Une seule nanocapsule suffit à éliminer tous les lymphomes à cellules B du SNC

En pratique clinique, il existe en effet peu d’options de traitement pour ces cancers et ces options ne fonctionnent que chez un petit nombre de patients. Une des raisons pour lesquelles les traitements sont inefficaces est que la barrière hémato-encéphalique, un système de défense naturel qui empêche les agents nocifs de pénétrer dans le cerveau, bloque de nombreuses molécules thérapeutiques, les empêchant ainsi d’atteindre le cancer propagé au SNC.

 

Il s’agissait donc de trouver un vecteur de médicaments anticancéreux capable de franchir la barrière : les scientifiques proposent cette capsule d’environ un nanomètre (un milliardième de mètre) soit de diamètre 100.000 fois plus petit que l’épaisseur d’une feuille de papier.
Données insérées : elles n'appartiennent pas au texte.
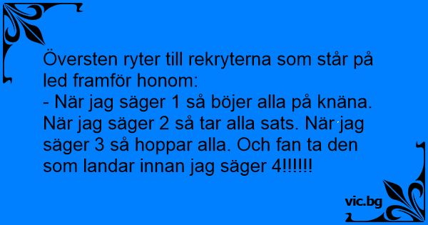 - När jag säger 1 så böjer alla på knäna. När jag säger 2 så tar alla sats. När jag säger 3 så hoppar alla. Och fаn ta den som landar innan jag säger 4!!!!!!
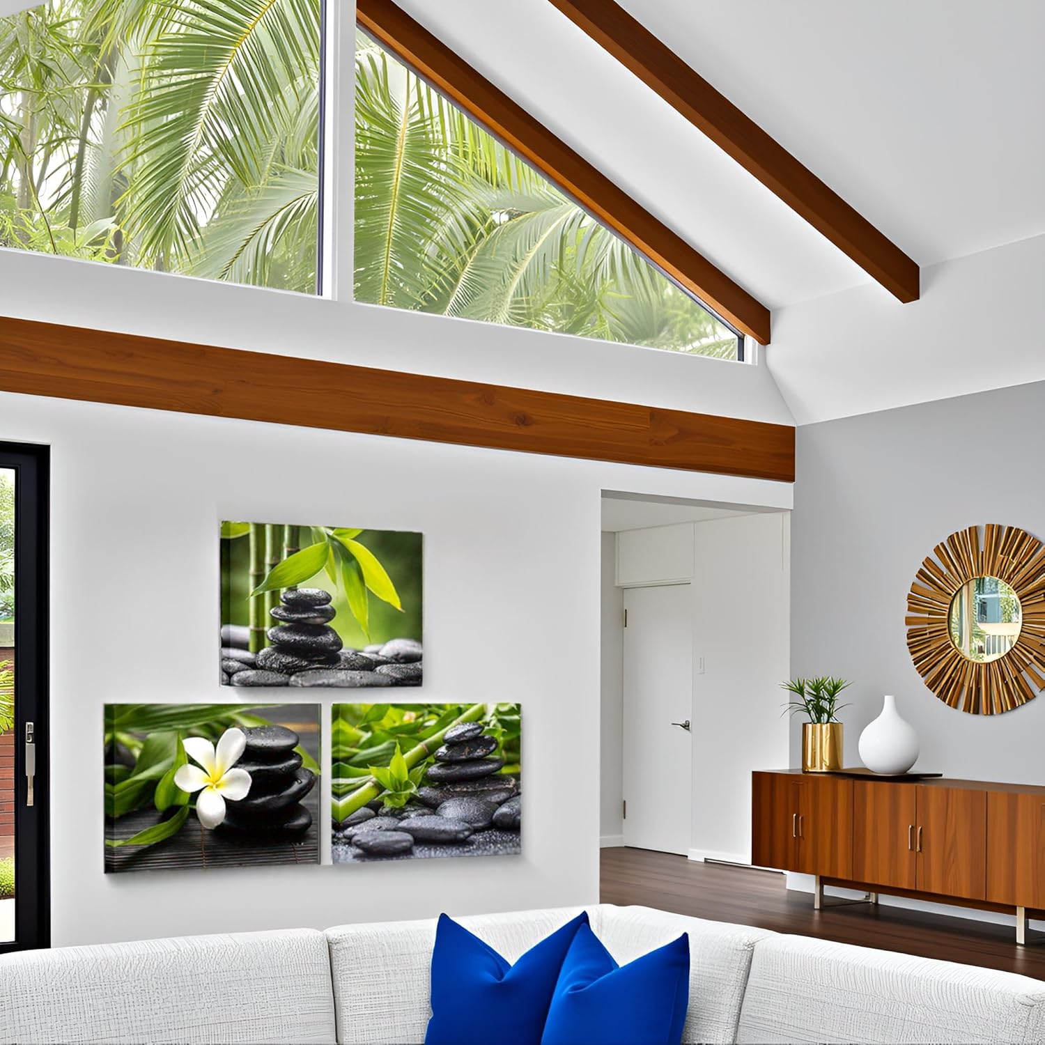 Nachic Wall Zen Pictures Wall Art Still Life Spa Stone Green Bamboo White Frangipani Flower Photo Prints on Canvas Spa Massage Treatment Painting for Bedroom Bathroom Decoration Ready to Hang
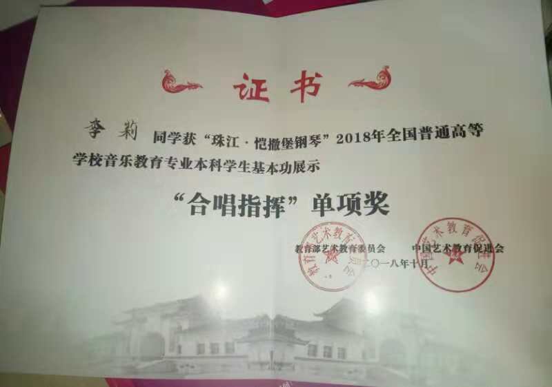 10月22日至10月26日,2018年全国普通高等学校音乐教育专业本科学生基本功展示在广西师范大学举行,永利官网音乐学专业2015级李莉、宫悦等学生沉着应战,分别获得“合唱指挥”和“中外乐器演奏”的单项奖,实现了永利官网该项赛事获奖零的突破,充分展示了永利官网音乐专业学生的综合素质与专业能力。
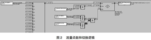 但是由于近期趨勢(shì)可能收集不到部分負(fù)荷段的相關(guān)數(shù)據(jù),在超出現(xiàn)有數(shù)據(jù)負(fù)荷的部分應(yīng)采取必要的補(bǔ)救措施,可以參考相同負(fù)荷運(yùn)行的另一臺(tái)余熱鍋爐的主蒸汽流量,以此來(lái)彌補(bǔ)現(xiàn)有數(shù)據(jù)的不足。為了保證數(shù)據(jù)切換的可靠性,切換條件要嚴(yán)謹(jǐn),現(xiàn)有函數(shù)的負(fù)荷下線上增加25MW與另外一臺(tái)的燃機(jī)負(fù)荷大于100MW。如此設(shè)置的好處是當(dāng)另一臺(tái)運(yùn)行機(jī)組突然故障或跳機(jī)時(shí)保證數(shù)據(jù)能及時(shí)切換到函數(shù)輸出,保證機(jī)組的安全運(yùn)行。具體操作見圖2。
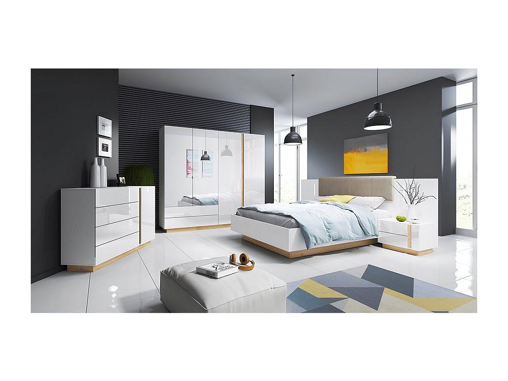 Komoda D4S, bílá/dub grandson/bílý lesk, CITY

La capsule est recouverte d’une substance appelée 2-méthacryloyloxyéthyle phosphorylcholine qui lui permet de franchir la barrière hémato-encéphalique. Enfin, la capsule est conçue pour libérer des anticorps une fois à proximité des cellules cancéreuses. Chargée ici de rituximab, un anticancéreux et administrée à des souris modèles de lymphome à cellules B humaines métastasé dans le SNC, une capsule permet d'éliminer tous les lymphomes à cellules B qui se sont propagés.

 

Des essais cliniques doivent encore valider ces résultats, mais si c’était le cas, la capsule constituerait un vecteur précieux pour délivrer des médicaments déjà approuvés pour traiter les cancers propagés au SNC, non seulement pour traiter les cancers qui se métastasent dans le SNC (cancer du sein, cancer du poumon à petites cellules et mélanome) mais également les tumeurs primitives du cerveau voire d’autres maladies du cerveau.